## What the task asks
Your output should be the complete listing, word for word, with no pictures in it.

## Data
■ ■ ■ ■ ■

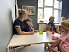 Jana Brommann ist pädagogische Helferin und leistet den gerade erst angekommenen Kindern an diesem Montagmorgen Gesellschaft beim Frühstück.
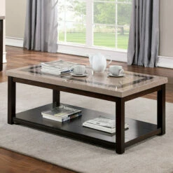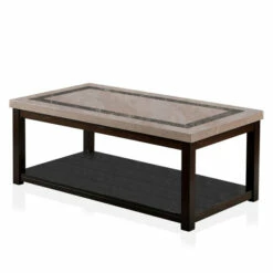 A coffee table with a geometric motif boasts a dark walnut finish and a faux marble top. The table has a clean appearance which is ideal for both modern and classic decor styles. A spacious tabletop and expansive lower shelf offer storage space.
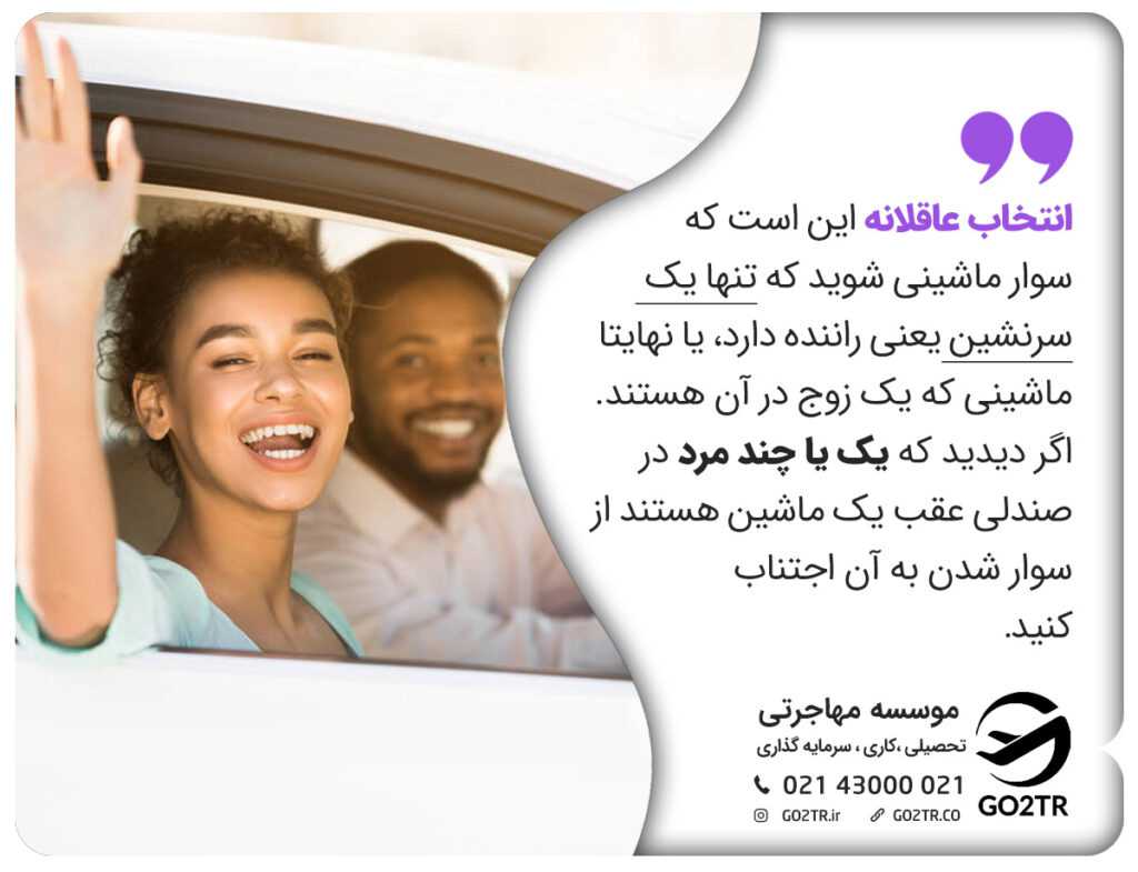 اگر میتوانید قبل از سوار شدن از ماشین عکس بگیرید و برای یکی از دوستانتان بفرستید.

■ ■ ■ ■ ■

## Response area
 Jana Brommann ist pädagogische Helferin und leistet den gerade erst angekommenen Kindern an diesem Montagmorgen Gesellschaft beim Frühstück.
 A coffee table with a geometric motif boasts a dark walnut finish and a faux marble top. The table has a clean appearance which is ideal for both modern and classic decor styles. A spacious tabletop and expansive lower shelf offer storage space.
 اگر میتوانید قبل از سوار شدن از ماشین عکس بگیرید و برای یکی از دوستانتان بفرستید.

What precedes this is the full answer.